Было почему-то тревожно — за детей, за сына, за стариков, бредущих под дождем за буханкой хлеба, за зверей, за птиц, оставшихся зимовать и поверивших людям, за нашу с ней нежность и понимание, за нашу с ней жизнь, за Жизнь вообще…
Я пошел к сараю за дровами и вдруг услышал, как невдалеке закричала собака.
Она именно кричала — не лаяла, не выла, не скулила. Было впечатление, что ее истязают. Она голосила навскрик — как от неравномерно наносимых ударов.
Невозможно было слышать это. Я побежал — то и дело оскальзываясь по грязи, как по жирному льду.
Была середина дня, но уже стояли сумерки. Лил дождь.
Я очень скоро нашел двор, откуда несся крик, и бесцеремонно толкнул калитку. Калитка была заперта.
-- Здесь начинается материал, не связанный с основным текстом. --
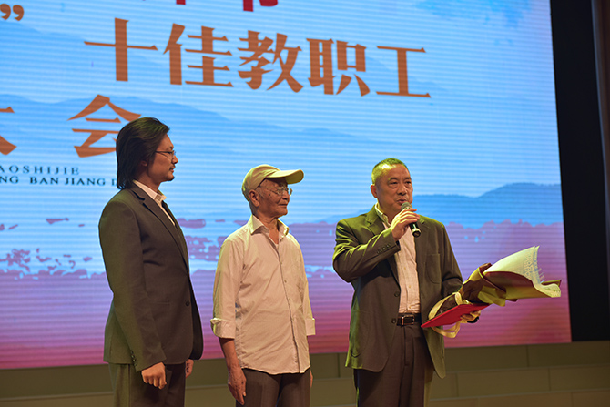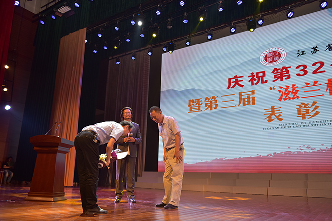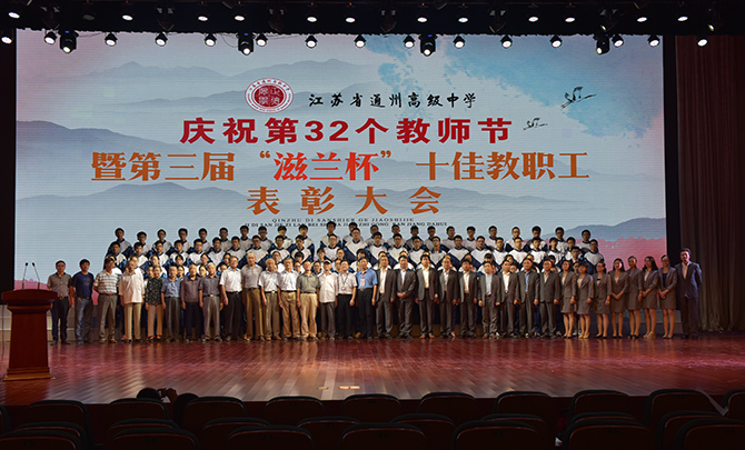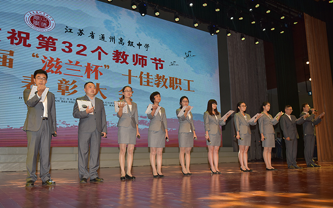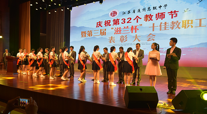 活动由一派艺术范的美术老师张伟主持,在全场雄浑的国歌声里拉开了序幕。张伟老师娓娓地讲述着通州高中温暖的故事,伴随着学校学生社团校园电视台拍摄的纪录片《礼物》,在学生主持人诵读颁奖词的导引下,第三届滋兰杯十佳当选者登上舞台,他们是:王红、江振宇、杨佩娟、季爱民、金新革、高剑波、徐淑芬、曹耀华、李汉栋、宋启广。当张伟老师报出十位颁奖嘉宾——已经离退休的老同志时,全场响起了经久不息的掌声。说起获奖感言,十佳教职工代表王红老师深情的说“几十年教师的感悟就是教育就是一场温暖的陪伴”,金新革老师则在一场幸福的感动中感谢着所有的人,期望与大家一起打造通州高中更美好的明天。王磊同学的一曲《逝去的歌》表达了同学们对老师们过去付出的记忆。

Я ударил плечом с разбега и сорвал щеколду.
Я — человек не храбрый, но в ту минуту, пребывая в тихоклокочущем, меня самого пугающем, бешенстве, готов был броситься в любую драку, хоть до смерти, с истязателем.
Не оказалось никакого истязателя.
Мне предстала картина, отвратность которой мне не избыть из памяти, наверное, никогда.
В грязи и кровавой блевотине, под дождем, околевала, содрогаясь от судорог и крича от боли, цепью прикованная к будке собака.
Пыталась вставать на дрожащие лапы и тут же пьяно и весело заваливалась набок, вновь колотясь от разрывающей ее изнутри боли.
У нее, бедолаги, была еще и течка. И целая свора глиной наляпанных, мокрых, в грязную толчею сбившихся псов оживленно-весело, но и с явным уже недоумением, суетились над ней, устраивая время от времени свирепую кратко-вспыхивающую грызню за право овладеть этим жалким, предсмертно голосящим куском плоти, еще шевелящимся и похожим более всего на шматок насквозь мокрого, грязной глиной, кровью и блевотиной изгвазданного войлока.
Они не могли, конечно, взять в толк, что она умирает. Запах, который от нее исходил, говорил о жизни, только о жизни, о готовности к новой и новой жизни, а она ползала кругами в грязи, билась навскидку и пронзительно кричала. Я стал стучаться в дом.
— Что же вы делаете, сволочи?! Убейте ее!
Но в доме царило молчание. Дверь была заперта.
— Уехала она… — услышал я голос. Из-за соседского забора боязливо выглядывала голова старухи. — Дала ей крысиного яду и уехала.
Я пошел к соседу. У соседа было ружье.
Я прошел всего лишь метров двадцать, как вдруг меня достиг вопль, исполненный такой пронзительной боли, такой беспомощной тоски и отчаянной муки, что я невольно остановился.
Прошла минута. Две минуты. Я стоял и ждал.
Прошло десять минут — там оставалась тишина.
Я понял, что уже не нужно никакого ружья.
Я избегаю думать об этой старухе-отравительнице, до сих пор избегаю. Я стал избегать встреч лицом к лицу с ней. Не могу внятно объяснить, почему. Ни отвращения, ни ненависти, ни даже особой неприязни у меня к ней нет.
Просто — когда я вижу ее, я не могу не вспоминать тот грязно-дождливый день и не могу избавиться от ощущения, что именно тогда — из-за нее — какая-то медленно действующая отрава проникла и в нашу жизнь — я не имею в виду жизнь нашей семьи — в жизнь, окружающую нас.